[Opening DATA EXCERPTS section]
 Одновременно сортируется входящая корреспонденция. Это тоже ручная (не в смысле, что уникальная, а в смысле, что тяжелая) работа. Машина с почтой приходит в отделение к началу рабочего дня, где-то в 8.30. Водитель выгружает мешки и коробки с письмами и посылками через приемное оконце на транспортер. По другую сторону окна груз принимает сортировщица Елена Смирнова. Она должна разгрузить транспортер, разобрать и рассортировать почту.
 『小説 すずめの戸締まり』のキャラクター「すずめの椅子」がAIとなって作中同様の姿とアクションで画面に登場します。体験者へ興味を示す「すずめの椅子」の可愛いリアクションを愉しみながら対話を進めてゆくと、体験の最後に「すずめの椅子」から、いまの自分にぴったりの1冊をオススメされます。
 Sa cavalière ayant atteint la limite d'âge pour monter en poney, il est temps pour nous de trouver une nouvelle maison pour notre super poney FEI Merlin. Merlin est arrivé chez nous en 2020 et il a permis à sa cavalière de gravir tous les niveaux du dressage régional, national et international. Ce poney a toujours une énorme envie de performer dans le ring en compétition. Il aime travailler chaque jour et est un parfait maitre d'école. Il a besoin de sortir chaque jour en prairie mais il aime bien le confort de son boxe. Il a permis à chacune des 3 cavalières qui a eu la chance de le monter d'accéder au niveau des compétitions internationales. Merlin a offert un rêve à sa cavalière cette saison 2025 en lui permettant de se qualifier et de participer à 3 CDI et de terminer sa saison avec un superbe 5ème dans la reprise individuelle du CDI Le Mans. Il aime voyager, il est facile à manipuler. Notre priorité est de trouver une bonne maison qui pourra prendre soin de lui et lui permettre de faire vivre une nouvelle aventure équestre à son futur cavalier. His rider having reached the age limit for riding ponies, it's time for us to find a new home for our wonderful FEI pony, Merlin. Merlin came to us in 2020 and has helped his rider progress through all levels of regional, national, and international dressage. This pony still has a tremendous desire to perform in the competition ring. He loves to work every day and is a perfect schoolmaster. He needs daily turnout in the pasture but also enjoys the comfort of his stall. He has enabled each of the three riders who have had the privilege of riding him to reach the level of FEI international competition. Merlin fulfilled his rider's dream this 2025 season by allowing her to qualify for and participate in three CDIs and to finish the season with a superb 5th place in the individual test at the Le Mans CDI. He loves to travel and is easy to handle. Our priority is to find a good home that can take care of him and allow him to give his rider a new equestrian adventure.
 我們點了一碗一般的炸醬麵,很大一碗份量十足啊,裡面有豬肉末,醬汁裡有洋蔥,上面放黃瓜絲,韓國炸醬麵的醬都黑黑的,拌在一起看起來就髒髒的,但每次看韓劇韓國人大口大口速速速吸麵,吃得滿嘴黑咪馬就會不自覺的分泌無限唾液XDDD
[Closing DATA EXCERPTS section]
[Opening DATA EXCERPTS section]
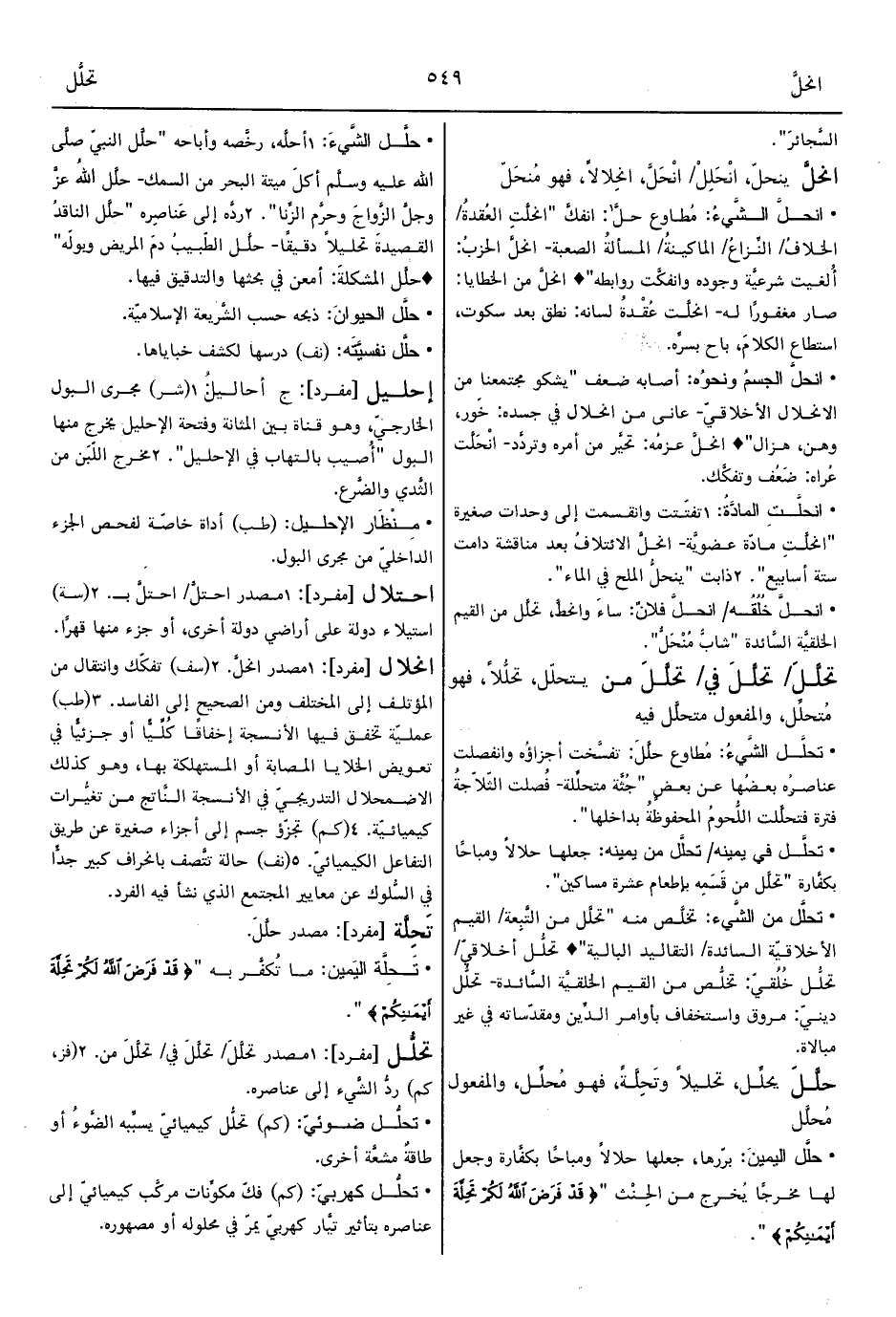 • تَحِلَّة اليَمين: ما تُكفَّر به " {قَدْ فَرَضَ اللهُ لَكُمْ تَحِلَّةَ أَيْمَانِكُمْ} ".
[Closing DATA EXCERPTS section]
[Opening DATA EXCERPTS section]
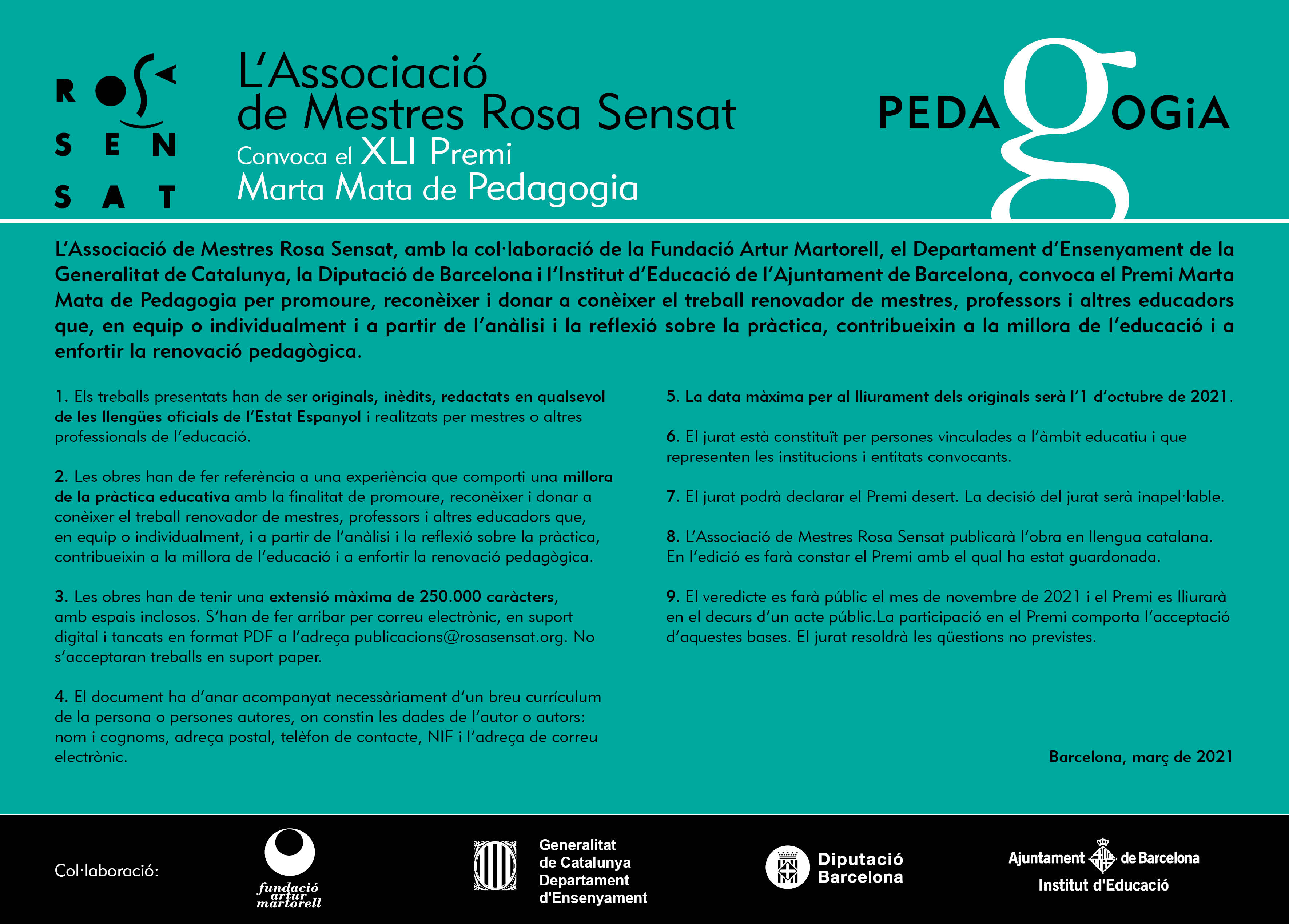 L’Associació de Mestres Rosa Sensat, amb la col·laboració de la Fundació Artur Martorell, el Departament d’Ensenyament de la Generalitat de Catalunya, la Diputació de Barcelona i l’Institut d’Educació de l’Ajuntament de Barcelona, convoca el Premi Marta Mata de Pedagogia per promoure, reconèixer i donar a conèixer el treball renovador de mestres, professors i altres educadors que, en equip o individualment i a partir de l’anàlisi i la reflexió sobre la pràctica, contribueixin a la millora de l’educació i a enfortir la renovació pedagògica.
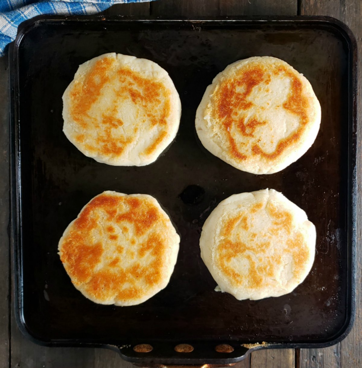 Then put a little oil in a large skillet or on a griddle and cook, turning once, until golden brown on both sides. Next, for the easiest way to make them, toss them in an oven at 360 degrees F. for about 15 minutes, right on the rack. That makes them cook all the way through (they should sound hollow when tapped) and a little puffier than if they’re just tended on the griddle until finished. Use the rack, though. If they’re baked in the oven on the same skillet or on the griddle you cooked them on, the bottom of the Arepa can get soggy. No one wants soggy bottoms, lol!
[Closing DATA EXCERPTS section]
## TASK DIRECTIONS
Write out exactly the lines that fall from the line with "Sa cavalière ayant" to the line with "我們點了一碗一般的炸醬麵,很" in the records above, keeping both ends.

## RESULT OF THE EXERCISE
 Sa cavalière ayant atteint la limite d'âge pour monter en poney, il est temps pour nous de trouver une nouvelle maison pour notre super poney FEI Merlin. Merlin est arrivé chez nous en 2020 et il a permis à sa cavalière de gravir tous les niveaux du dressage régional, national et international. Ce poney a toujours une énorme envie de performer dans le ring en compétition. Il aime travailler chaque jour et est un parfait maitre d'école. Il a besoin de sortir chaque jour en prairie mais il aime bien le confort de son boxe. Il a permis à chacune des 3 cavalières qui a eu la chance de le monter d'accéder au niveau des compétitions internationales. Merlin a offert un rêve à sa cavalière cette saison 2025 en lui permettant de se qualifier et de participer à 3 CDI et de terminer sa saison avec un superbe 5ème dans la reprise individuelle du CDI Le Mans. Il aime voyager, il est facile à manipuler. Notre priorité est de trouver une bonne maison qui pourra prendre soin de lui et lui permettre de faire vivre une nouvelle aventure équestre à son futur cavalier. His rider having reached the age limit for riding ponies, it's time for us to find a new home for our wonderful FEI pony, Merlin. Merlin came to us in 2020 and has helped his rider progress through all levels of regional, national, and international dressage. This pony still has a tremendous desire to perform in the competition ring. He loves to work every day and is a perfect schoolmaster. He needs daily turnout in the pasture but also enjoys the comfort of his stall. He has enabled each of the three riders who have had the privilege of riding him to reach the level of FEI international competition. Merlin fulfilled his rider's dream this 2025 season by allowing her to qualify for and participate in three CDIs and to finish the season with a superb 5th place in the individual test at the Le Mans CDI. He loves to travel and is easy to handle. Our priority is to find a good home that can take care of him and allow him to give his rider a new equestrian adventure.
 我們點了一碗一般的炸醬麵,很大一碗份量十足啊,裡面有豬肉末,醬汁裡有洋蔥,上面放黃瓜絲,韓國炸醬麵的醬都黑黑的,拌在一起看起來就髒髒的,但每次看韓劇韓國人大口大口速速速吸麵,吃得滿嘴黑咪馬就會不自覺的分泌無限唾液XDDD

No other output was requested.